_Assignment_:
Retype the lines below exactly, but only those from the line that has "Решітка (сітка) для" through the line that has "ReadyLift OEM style". Omit every picture.

_Information provided_:
= = =
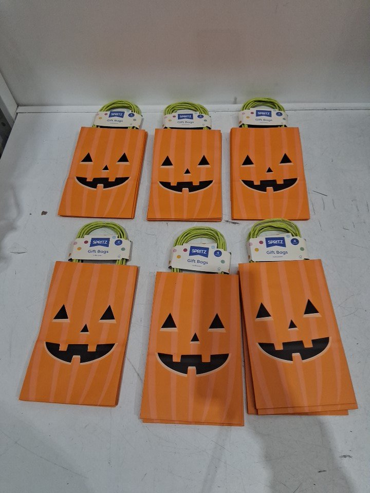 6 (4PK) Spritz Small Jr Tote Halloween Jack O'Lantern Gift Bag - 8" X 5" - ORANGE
= = =
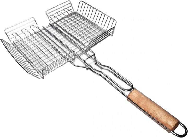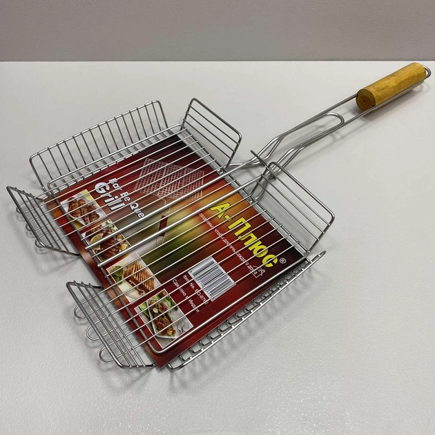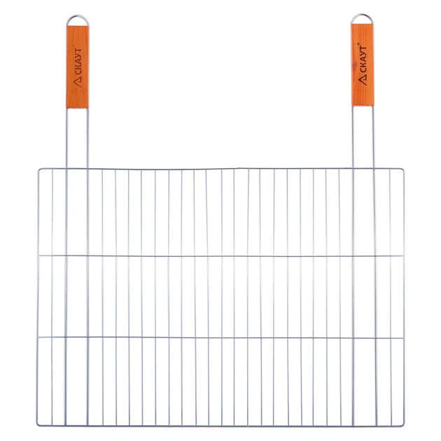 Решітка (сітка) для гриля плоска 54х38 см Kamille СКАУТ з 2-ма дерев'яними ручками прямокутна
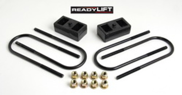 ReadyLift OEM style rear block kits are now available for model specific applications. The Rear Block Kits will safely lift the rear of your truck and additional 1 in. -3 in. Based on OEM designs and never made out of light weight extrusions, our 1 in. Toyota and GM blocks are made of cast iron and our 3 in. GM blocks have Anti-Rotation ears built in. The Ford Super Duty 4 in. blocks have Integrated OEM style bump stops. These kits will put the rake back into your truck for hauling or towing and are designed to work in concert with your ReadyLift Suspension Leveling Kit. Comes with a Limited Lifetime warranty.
= = =
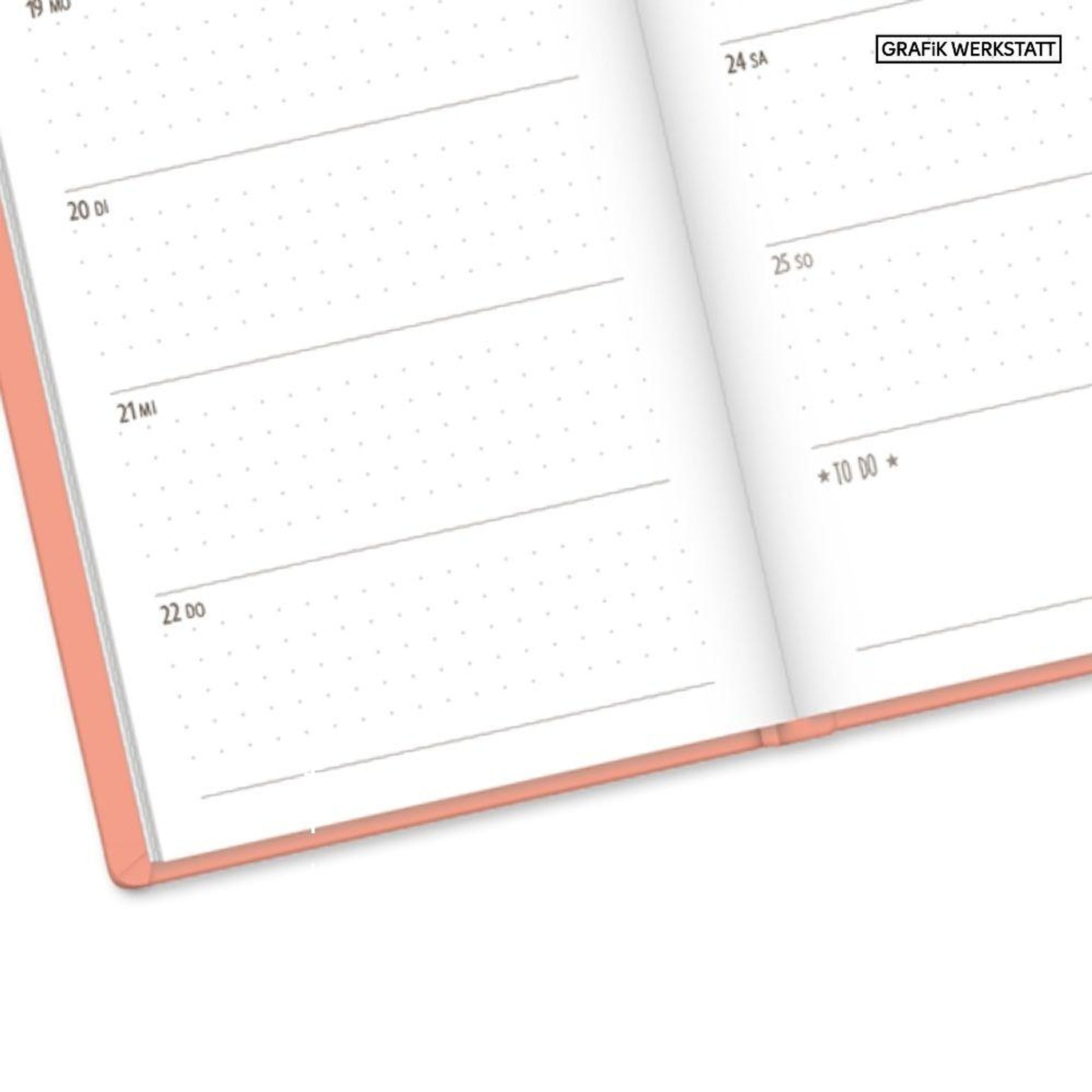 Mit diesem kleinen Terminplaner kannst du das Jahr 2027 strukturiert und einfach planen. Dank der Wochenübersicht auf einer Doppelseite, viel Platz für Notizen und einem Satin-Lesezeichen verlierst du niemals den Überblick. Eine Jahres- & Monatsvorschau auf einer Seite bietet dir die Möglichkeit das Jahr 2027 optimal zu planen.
= = =
_Exercise result_:
 Решітка (сітка) для гриля плоска 54х38 см Kamille СКАУТ з 2-ма дерев'яними ручками прямокутна
 ReadyLift OEM style rear block kits are now available for model specific applications. The Rear Block Kits will safely lift the rear of your truck and additional 1 in. -3 in. Based on OEM designs and never made out of light weight extrusions, our 1 in. Toyota and GM blocks are made of cast iron and our 3 in. GM blocks have Anti-Rotation ears built in. The Ford Super Duty 4 in. blocks have Integrated OEM style bump stops. These kits will put the rake back into your truck for hauling or towing and are designed to work in concert with your ReadyLift Suspension Leveling Kit. Comes with a Limited Lifetime warranty.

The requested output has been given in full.